What are the options for a grid-tied array to continue to generate power in the event of a power outage?

 

Hello,

I'd like to get a better understanding of the ability of a grid-tied system to produce power when the grid is down.

 

I know that normally in a grid-tied system, it is not possible to receive power from the array when the utility is not operating. However, I know that some inverters come with AC switches that allow for this option. For instance, the OutBack GTFX2524 2.5kW 24V Grid-Tie Inverter data sheet states that “Our built in transfer switch automatically disconnects your loads from the utility grid and powers them from the inverter in the event of an outage, allowing you to continue using your solar and battery back-up power, unlike traditional grid-tie systems.”

 

However, the Outback GTFX2524 is designed for grid-tied systems with battery back-up. The efficiency of this battery back-up inverter is 91%, rather low compared to standard grid-tied inverters (95.5% for an SMA Sunny Boy 2500 HF US Inverter).

 

I see that there are separate transfer switches available (such as the IOTA Engineering ITS30R 30A Transfer Switch) but these seem to be designed exclusively for RV applications.

 

What options are there available for grid-tied arrays to continue to generate power even in the event of a utility power outage?

Thank you.

Comments

Brian,

The modern grid-tied inverter is very tightly engineered to backfeed power to a specific voltage and frequency of AC grid (utility power). The electronics are matched and the voltage (both AC and DC) are optimized for efficiency. Grid-tied inverters are also carefully designed to stop working immediately if the grid fails (blackout) or fluctuates (brownout). This is mainly to prevent injury to anyone arriving to repair the local grid - the utility doesn't want some separate source of gereration to come online unexpectedly. If you want to dive in deeper to this, google UL 1741.
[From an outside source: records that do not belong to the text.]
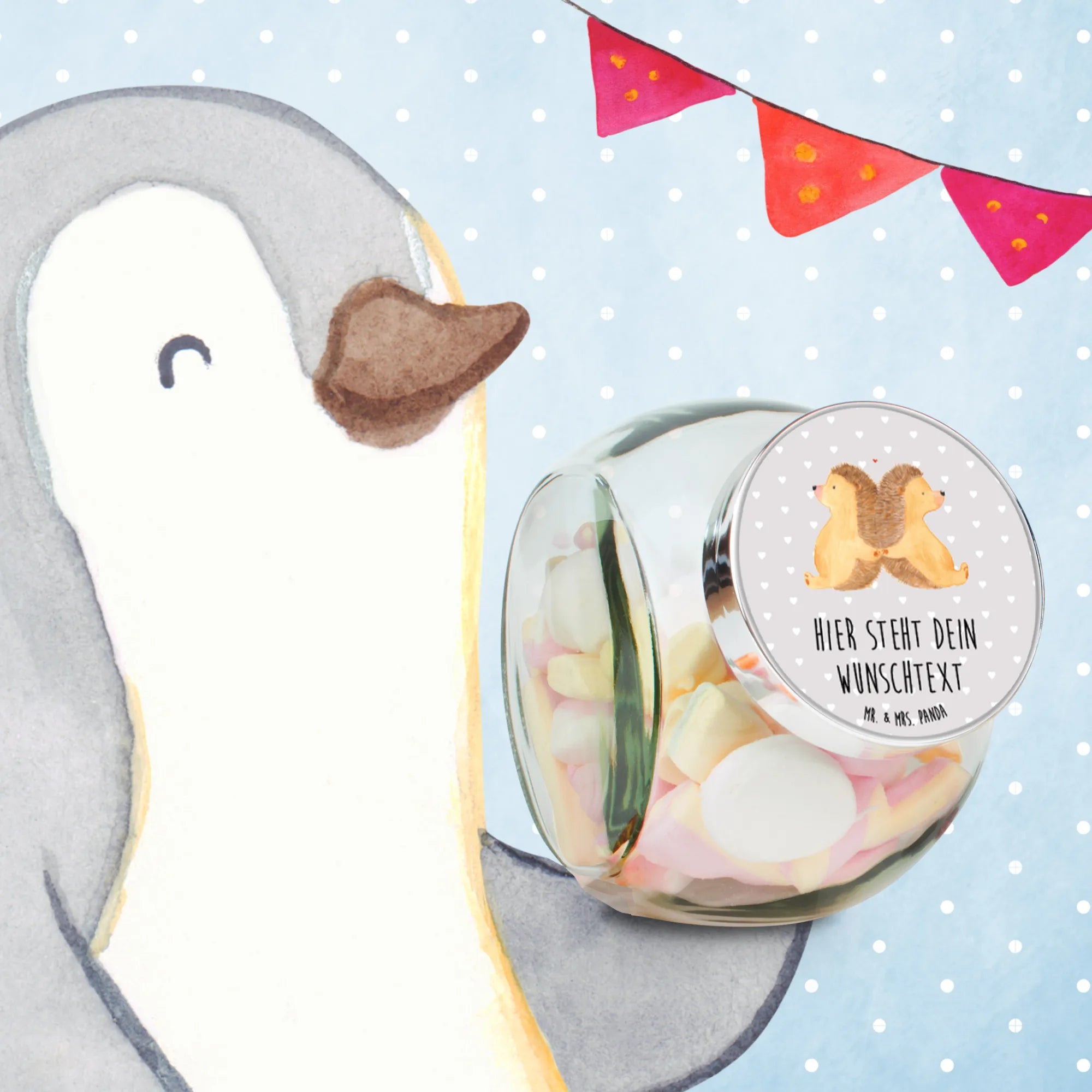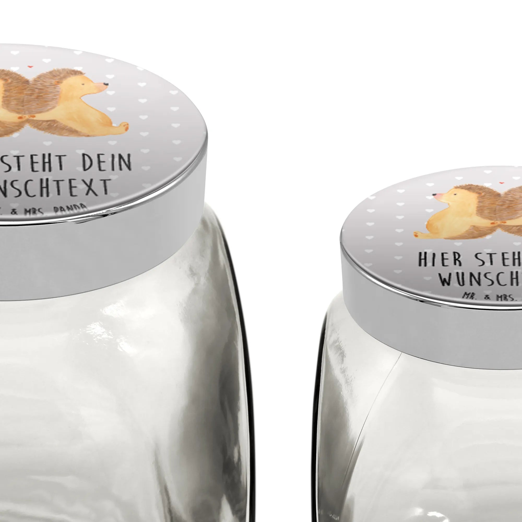 Spersonalizowany słoik na cukierki Jeże trzymające się za łapki - L 870ml - Pastelowy szary
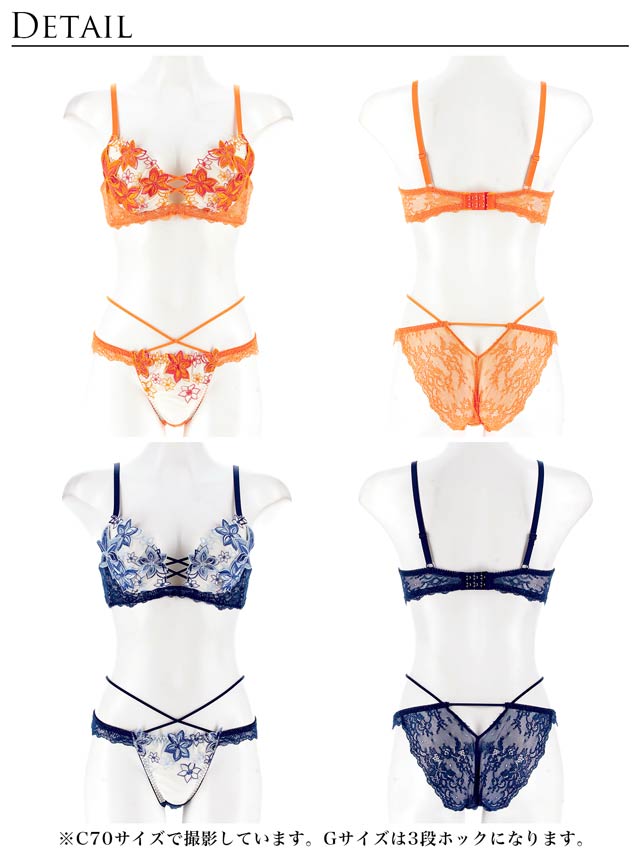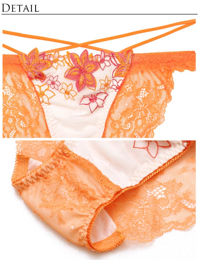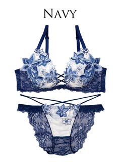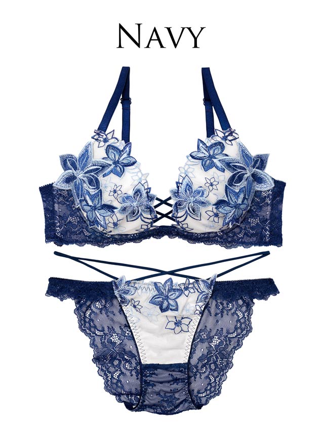 ダスティブルームエンブロイダリー育乳脇高ブラジャー&バック透けフルバックショーツ
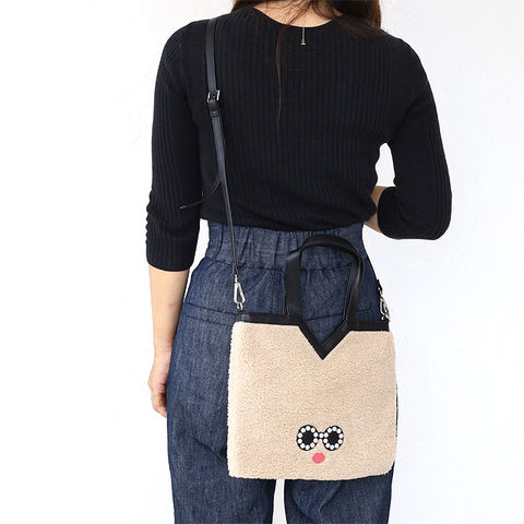 もこもこのフェイクファーにパールで縁取ったサングラスがとってもキュートな顔のハンドバッグです。
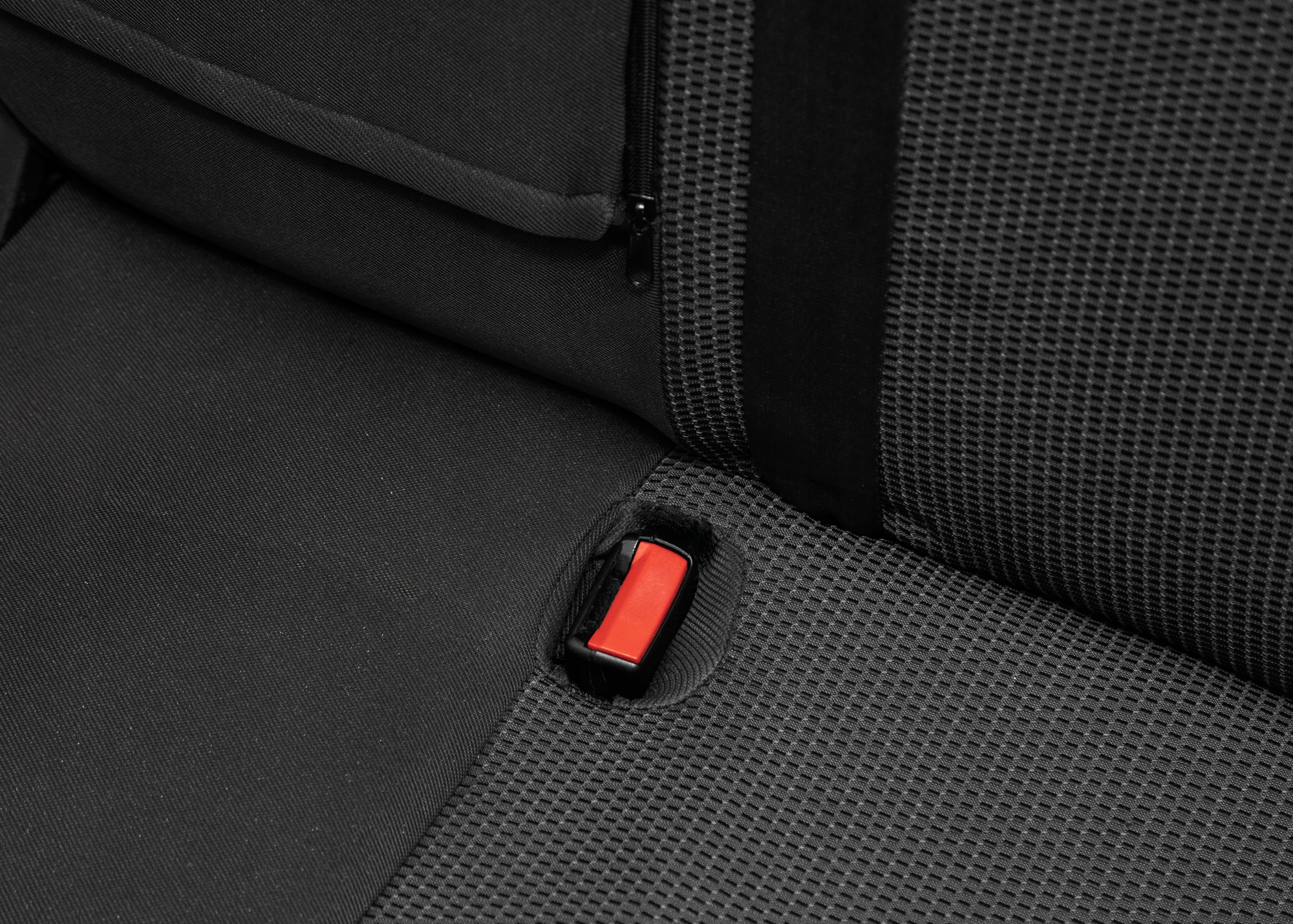 Завдяки використанню спеціального шва, на місці подушок, матеріал повністю охоплює сидіння, без втручання у роботу подушки безпеки .

So, in order to keep a grid-tied inverter working during an outage, something has to fake it into thinking there is a healthy grid present. There are really only two theoretical ways to do this and only one of the methods is practical.

Sunny Island or other Inverter/Battery Charger combination. The Sunny Island is an inverter/charger form SMA. It runs off a service panel and charges batteries while communicating with an SMA Sunnyboy grid-tied inverter. When the power goes out, it disconnects the grid and creates a micro-grid between itself and the Sunnyboy, thereby conforming with UL 1741 and keeping the grid tied inverter online.

Generator - a generator can also run on the service panel that a grid-tied inverter is connected to. If a transfer switch isolates the service panel from the grid in an outage, then the grid is protected and the inverter could sync with generator. This is possible, but no grid tied inverter is designed to run with a generator and either the generator or the inverter will loose a battle to push power into the other - with costly results.

The outback inverter is a battery based inverter - with a solar charge controller. It can sync with the grid, but it isn't connected directly to the solar array. The solar array charges batteries and the inverter then puts power into the grid after converting power from the battery power. This is why it appears inefficient - but 90% for a "battery voltage" inverter is actually very high.

Thanks for your response! Immensely helpful.